Fix leveldb / Chromium kernel-cache coherency on RAM drive#9
Merged
Conversation
…mium) Chromium's leveldb (used for Local Storage, Sync Data, GCM Store, ...) does an atomic-rename + immediate read on the CURRENT file every DB open. With WinFsp's FileInfoTimeout set to uint.MaxValue (the broken default), the kernel kept the negative-cached "CURRENT does not exist" entry forever, so the read after MoveFile(dbtmp -> CURRENT) returned 0 bytes. Leveldb reported "Corruption: CURRENT does not end with newline" and Chromium crashed STATUS_BREAKPOINT on launch with --user-data-dir on the RAM drive. Three coordinated changes: 1. Adapter (WinFspRamAdapter.cs): every path-mutating callback now sends an FspFileSystemNotify after the user-mode mutation commits. Full notification matrix documented in the class XML doc and design.md. - CreateFile (file/dir): ChangeFileName/ChangeDirName, ActionAdded - OverwriteFile: ChangeSize|ChangeLastWrite, ActionModified - MoveFile: ChangeFileName, ActionRenamedOldName + ActionRenamedNewName - Cleanup(Delete) (file/dir): ChangeFileName/ChangeDirName, ActionRemoved - SetFileSize: ChangeSize|ChangeLastWrite, ActionModified - SetFileAttributes: ChangeAttributes|ChangeLastWrite, ActionModified Notification failures are logged at Trace and never fail the originating IRP. 2. Config (RamDriveOptions.FileInfoTimeoutMs, default 1000): replaces the unconditional uint.MaxValue and acts as defence in depth for any path that escapes the notification matrix. EnableKernelCache=false still forces 0. 3. Tests (LevelDbReproTests + CacheCoherencyTests): exercises the exact Win32 sequence captured from Chromium's leveldb env (cached WriteFile + Flush + MoveFileEx + Open + ReadFile). Fixture pinned at FileInfoTimeout=uint.MaxValue so any missing notification fails CI rather than only against real Chromium with the production default. All 28 integration tests pass. Requires WinFsp.Native 0.1.2-pre.2 (FileSystemHost.Notify API). See docs/leveldb-cache-coherency-postmortem.md for full diagnostic history, procmon usage, smoking-gun trace, and TLA+ modeling extension plan (follow-up). Note: a separate pre-existing RamDrive bug surfaces under chrome --remote-debugging-pipe + EnableKernelCache=true; documented in the postmortem §9.1 and out of scope for this change. The leveldb fix is verified correct by hex-dumping CURRENT files post-rename and by the integration tests. Co-Authored-By: Claude Opus 4.7 (1M context) <noreply@anthropic.com>
6.3 binding committed and tagged (v0.1.2-pre.2 — version bumped twice during dev iterations to invalidate nuget local cache). 6.4 RamDrive change committed in 148fb0e. 6.5 archive deferred until user reviews. Co-Authored-By: Claude Opus 4.7 (1M context) <noreply@anthropic.com>
5.4 (timeout=uint.MaxValue): chrome launches cleanly via --remote-debugging-pipe.

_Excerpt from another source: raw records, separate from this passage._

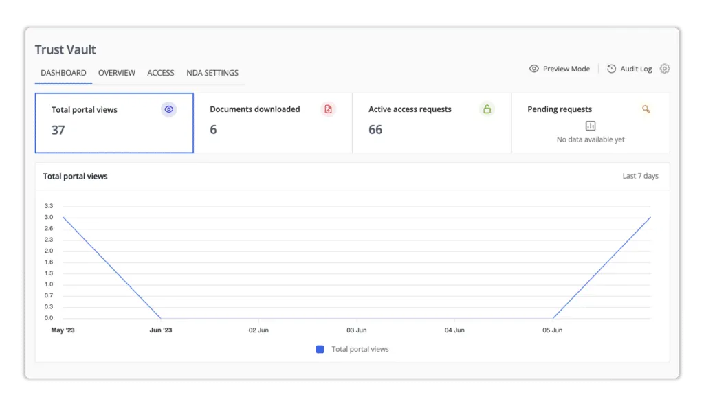 The Trust Vault lets users publicly and transparently demonstrate their security and compliance posture. Users can create a security page on their website that is tailored to the company’s identity. It automates demands for security and compliance practices through the public display of information security-related certifications, reports, and attestations, as well as gated NDA-backed access to in-depth reports. Furthermore, it helps to demonstrate your daily compliance management and security actions to internal and external stakeholders.
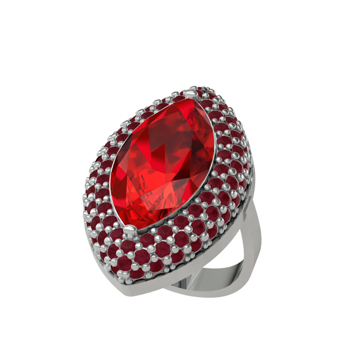 Garnet ve kök yakut 14 ayar beyaz altın yüzük
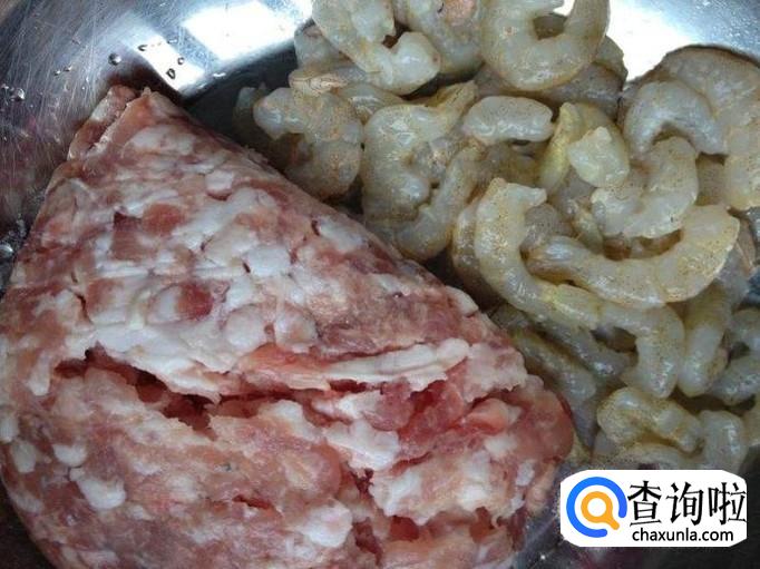 猪肉,虾肉,韭菜,葱姜水,胡椒粉,生抽,盐。
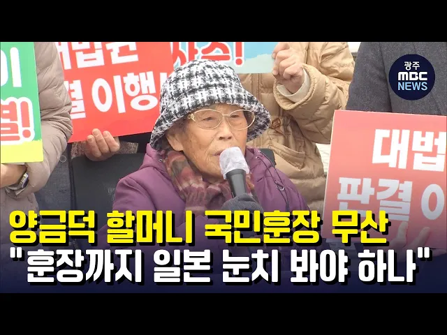 (앵커) 일제 강제동원 피해자 양금덕 할머니의 국민훈장 모란장 서훈이 보류됐습니다. 외교부가 훈장 서훈에 제동을 걸었기 때문인데요. 피해자 단체는 대법원 판결을 사실상 지연한 것도 모자라 서훈까지 무산시키냐며 반발하고 있습니다. 우종훈 기자의 보도입니다. (기자)일제 강제동원 피해자 양금덕 할머니의 별칭은 '...
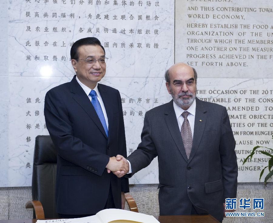 李克強総理は15日午前(現(xiàn)地時間)、國連食糧農(nóng)業(yè)機関(FAO)のグラツィアーノ事務(wù)局長とローマで會談した。
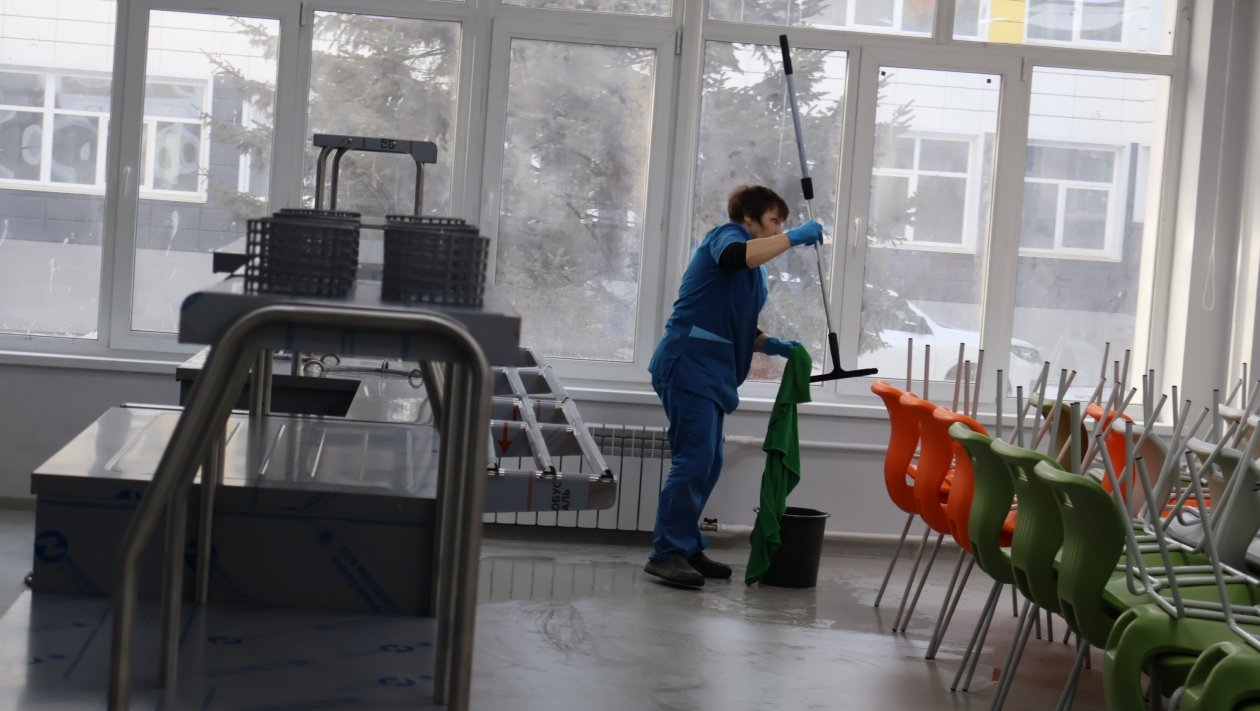 Первой точкой, откуда приходят позитивные новости, стала школа № 22. Здесь строительная эпопея фактически завершена. Подрядчики покинули объект, уступив место клининговой компании, которая отмывает классы и фойе от строительной пыли.

A new lower-severity warning surfaces ("Corruption: no meta-nextfile entry in
descriptor") on the leveldb MANIFEST, but chrome stays alive. Logged for
follow-up; not a regression of this change.
5.6 (benchmark spot-check): captured to benchmark-onread.md. Read ~9.2 ms,
write ~17 ms steady-state (block >= 64 KB). Allocated=0 across all rows —
zero-alloc hot path preserved by the new Notify matrix.
Co-Authored-By: Claude Opus 4.7 (1M context) <noreply@anthropic.com>
- Directory.Packages.props: 0.1.2-pre.2 -> 0.1.2-pre.3 (now on nuget.org) - Drop NuGet.config (no longer need the local artifacts feed) - Move openspec/changes/fix-leveldb-cache-coherency/ -> archive/2026-05-03-... - Sync delta specs into openspec/specs/cache-invalidation and openspec/specs/file-info-timeout-config All 28 integration tests pass against the published nuget package. Co-Authored-By: Claude Opus 4.7 (1M context) <noreply@anthropic.com>
CI on the RamDrive PR hung on TortureTests.DirectoryTreeStress (5 concurrent
threads doing recursive directory delete). Local 32-core box passed every
time; the GitHub windows-latest runner has fewer cores, which exposes a
dispatcher-pool deadlock:
- Cleanup(Delete) for a dir runs on a WinFsp dispatcher thread.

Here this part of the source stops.